Yup, that was like my ex husbands daughter. He grounded her for an entire summer, and it just didn't make much of an impression. She had nothing to lose, so she didn't care and she went out of her way to get into trouble more.

I was also somewhat like that, and I left my parents home at 17.


----------



## Goldmember357 (Jan 31, 2012)

Almostrecovered said:


> many teens go through that "invincibility" stage
> 
> she's speeding thinking she won't get a ticket or get hurt in an accident
> 
> ...


:iagree:


this. Also agreed maybe TS should drug test her just in case i would imagine she has maybe experimented with some drugs as late night parties always have that available.


----------



## Hope1964 (Sep 26, 2011)

I think rather than drug testing her, have a good honest talk with her. I'd imagine that like most tests, they aren't 100% accurate, so you could end up accusing her when she's innocent. And arming them with information gives them a far better tool than addressing it after the fact. I always also told my kids that they could make me the bad guy - when offered something they really didn't want to do, just say "My mom would KILL me if she found out, and believe me, she finds out things!" I was also frank with them about my own past with drugs, so they'd know I wasn't easily fooled about them.


----------



## OhGeesh (Jan 5, 2010)

It happens we can't control them!! All you can do is set a good example and provide a loving hand, but often they have to learn the mistakes themselves.

My oldest did much the same 3.4gpa, scholarship, off to college flunked out, passed out drunk multiple times, rehab, you name it. After 6 months I didn't know who she was!!

Fast forward 18 months she is back in school 12hrs and a 4.0, working 30hrs a week, and doing great!
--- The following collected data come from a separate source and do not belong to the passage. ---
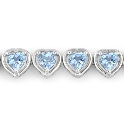 Natural Blue Topaz Tennis Heart-Shaped Bracelet Silver
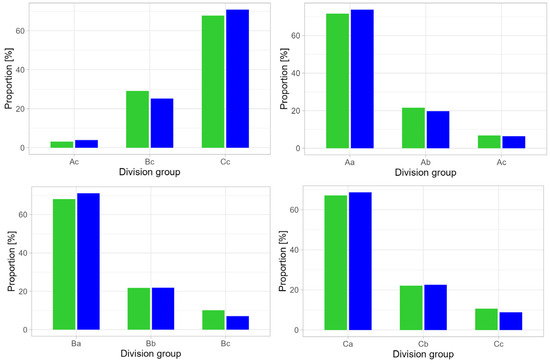 Within each group resulting from classification in terms of pore surface area, most were vertical in orientation (groups Aa, Ba, Ca), while there were fewer with a diagonal orientation (Ab, Bb, Cb) and least with a horizontal orientation (Ac, Bc, Cc), which was related to the fact that most fibres were arranged according to the direction of production (Table 7 and Table 8). Regardless of size, vertically oriented pores were more stretched than horizontal-oriented pores, as indicated by the values of the e and f parameters (Table 7 and Table 8). The average size of the large, vertically oriented areas (Aa) was higher for carding machine No. 2 than for carding machine No. 1. On the other hand, for areas with a horizontal orientation (Ac), this value was significantly higher for carding machine No. 1. In the case of medium and small areas, their size was comparable regardless of orientation (Table 7 and Table 8).
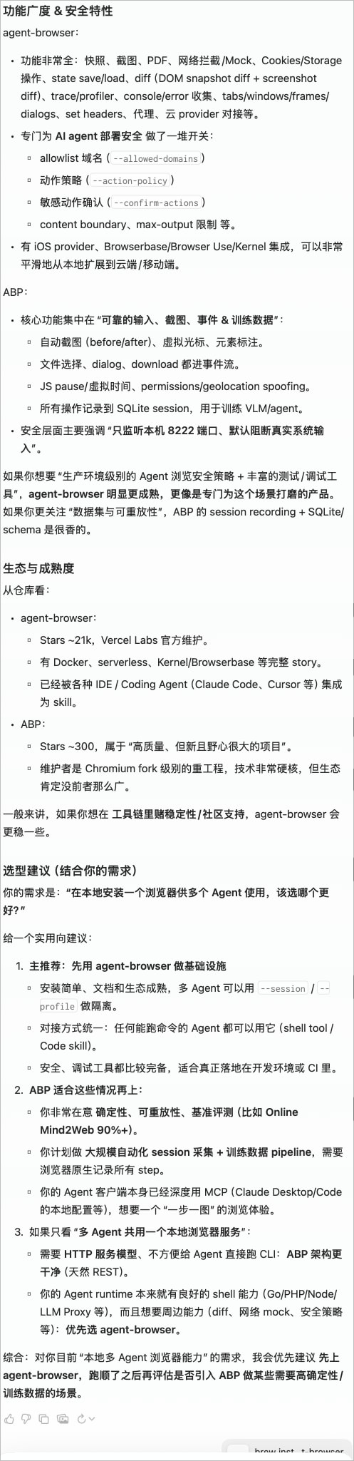 相比较,我感觉会比web_fetch好,还能交互, 这些浏览器也支持导入 自己使用浏览器的auth信息,我觉得这风险太大,没测试

She stumbled hard, but now doesn't drink/drugs anything at all.

She learned a ton!! Is a sponsor at AA etc etc. You can PM me for more details and of course I'm leaving out a ton. The lies, deciet, doing things we never approved of or condoned and it all started at 17 1/2.
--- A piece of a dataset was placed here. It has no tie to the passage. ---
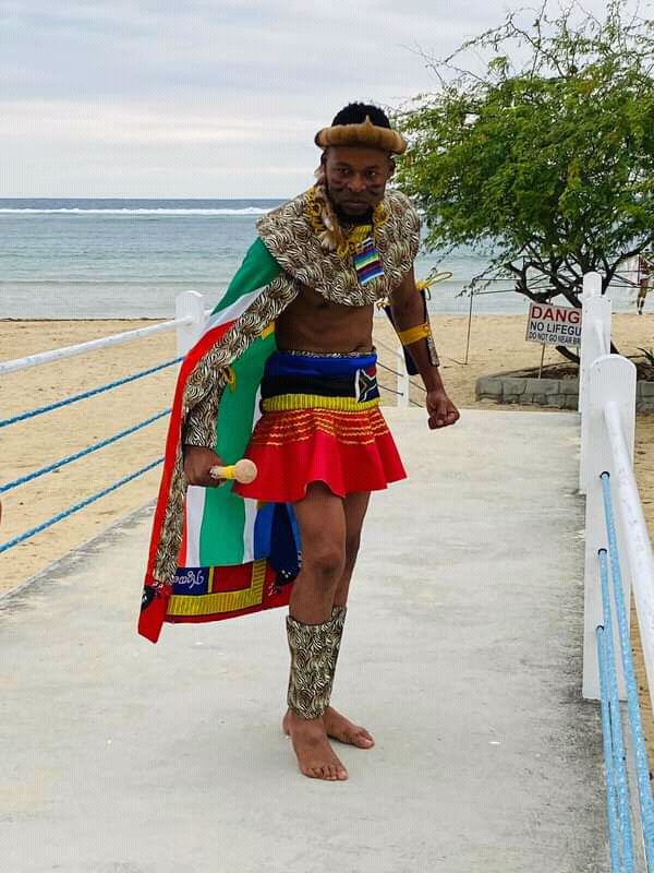 Designed by Freedom Ngomane aka Guga Guru,the costume represented the sold and richness of South Africs and the animal print represented the rich Fauna and Flora that our world-renowned Kruger National Park boasts and including its wildlife experience that ranks with the Best in Africa and the world.

She'll say to this day "It's nothing you or mom did. I just had to see for myself and I learned alot I'm so sorry I put you and mom through that!" Many tears, many talks, I didn't talk to her for 60 days at one point and even now we are not as close as we were, but more due to her growing up and I have other kids still at home, so you know how that goes. We are having dinner together this weekend though.

Best of luck!! She will be 18 soon, so to be honest you can't do much to stop her. Just talk, talk, talk, and be firm when you need to be.


----------



## lynnmarie (Apr 30, 2012)

I want to thank you all for your kind words and advice. I have asked her flat out about drugs which she has always and to this day says she does not do and I do believe her. I have seen drug use first hand and I would know if she would. I have never really suspected her of it anyway. She has basically said that she has hit rock bottom and there is no other way now than up, which was a good thing to hear. 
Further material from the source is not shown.